- **WORK ORDER**
Below is a listing; retype exactly the lines between the one containing "Errol är en" and the one containing "① 지역은행 대출 부실과", inclusive, minus the pictures.

- **MATERIAL FOR THIS TASK**
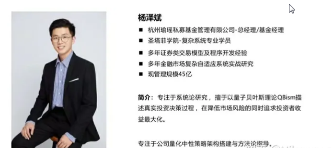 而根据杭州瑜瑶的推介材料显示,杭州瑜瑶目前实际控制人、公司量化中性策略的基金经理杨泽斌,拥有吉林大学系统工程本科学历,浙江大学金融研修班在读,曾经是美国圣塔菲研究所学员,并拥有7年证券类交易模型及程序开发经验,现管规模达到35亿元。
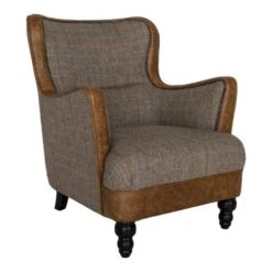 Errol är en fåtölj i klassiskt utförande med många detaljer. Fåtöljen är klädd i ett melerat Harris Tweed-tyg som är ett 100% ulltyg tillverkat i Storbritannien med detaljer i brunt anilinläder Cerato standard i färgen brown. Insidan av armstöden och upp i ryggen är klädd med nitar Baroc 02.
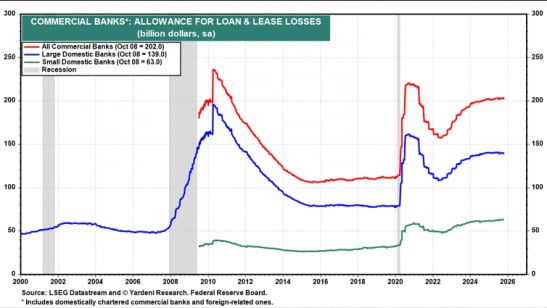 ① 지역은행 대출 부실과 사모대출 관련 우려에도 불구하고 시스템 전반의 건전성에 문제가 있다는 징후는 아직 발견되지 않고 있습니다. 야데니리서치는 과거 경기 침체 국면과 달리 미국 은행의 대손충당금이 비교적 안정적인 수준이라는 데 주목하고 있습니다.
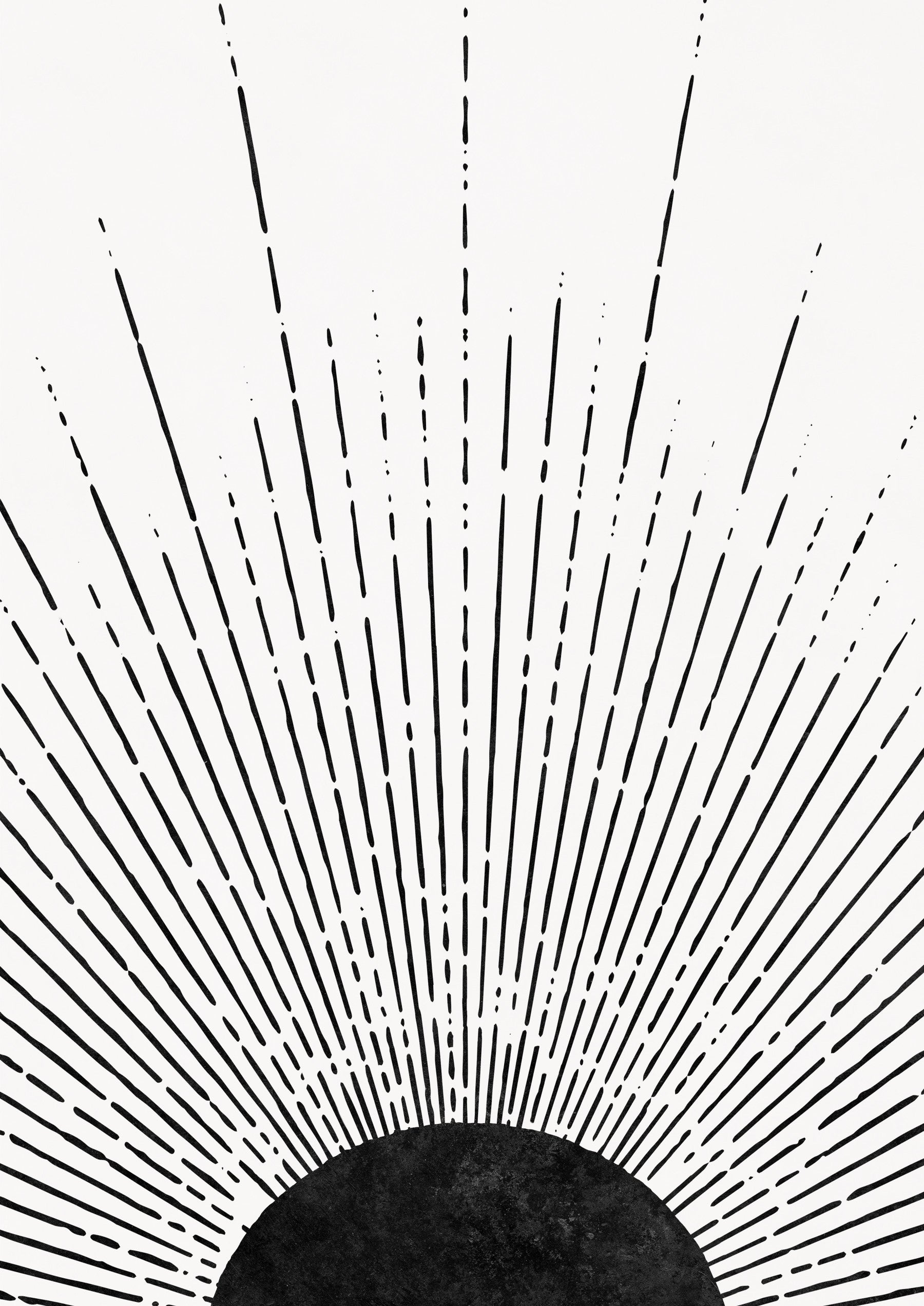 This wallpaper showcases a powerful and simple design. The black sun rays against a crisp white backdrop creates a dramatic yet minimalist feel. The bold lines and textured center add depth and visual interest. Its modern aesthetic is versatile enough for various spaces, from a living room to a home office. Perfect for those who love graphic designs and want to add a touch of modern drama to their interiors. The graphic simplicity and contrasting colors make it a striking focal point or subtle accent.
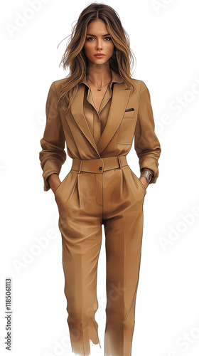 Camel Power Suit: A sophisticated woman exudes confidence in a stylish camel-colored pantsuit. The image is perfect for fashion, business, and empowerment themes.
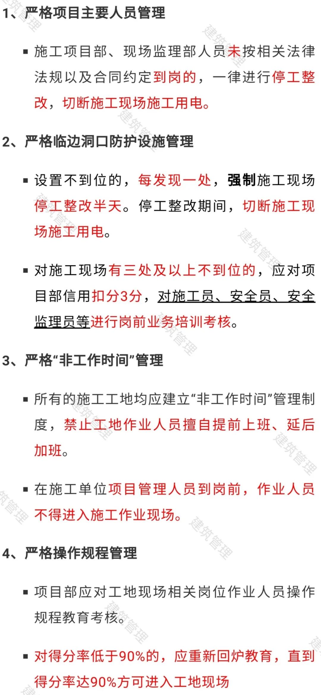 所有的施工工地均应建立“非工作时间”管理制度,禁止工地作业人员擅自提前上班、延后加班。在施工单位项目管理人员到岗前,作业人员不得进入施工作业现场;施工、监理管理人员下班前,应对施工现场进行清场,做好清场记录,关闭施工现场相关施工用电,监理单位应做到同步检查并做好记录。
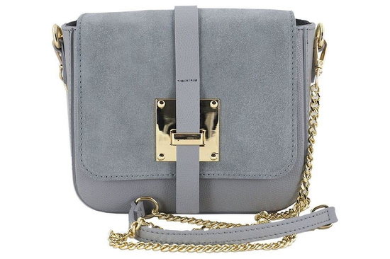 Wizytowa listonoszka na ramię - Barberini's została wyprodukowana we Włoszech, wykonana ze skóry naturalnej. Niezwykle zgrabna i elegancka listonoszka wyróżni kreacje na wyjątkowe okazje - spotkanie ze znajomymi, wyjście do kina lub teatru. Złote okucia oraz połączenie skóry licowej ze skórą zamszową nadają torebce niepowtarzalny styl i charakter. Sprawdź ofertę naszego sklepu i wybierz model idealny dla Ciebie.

- **TASK OUTPUT**
 Errol är en fåtölj i klassiskt utförande med många detaljer. Fåtöljen är klädd i ett melerat Harris Tweed-tyg som är ett 100% ulltyg tillverkat i Storbritannien med detaljer i brunt anilinläder Cerato standard i färgen brown. Insidan av armstöden och upp i ryggen är klädd med nitar Baroc 02.
 ① 지역은행 대출 부실과 사모대출 관련 우려에도 불구하고 시스템 전반의 건전성에 문제가 있다는 징후는 아직 발견되지 않고 있습니다. 야데니리서치는 과거 경기 침체 국면과 달리 미국 은행의 대손충당금이 비교적 안정적인 수준이라는 데 주목하고 있습니다.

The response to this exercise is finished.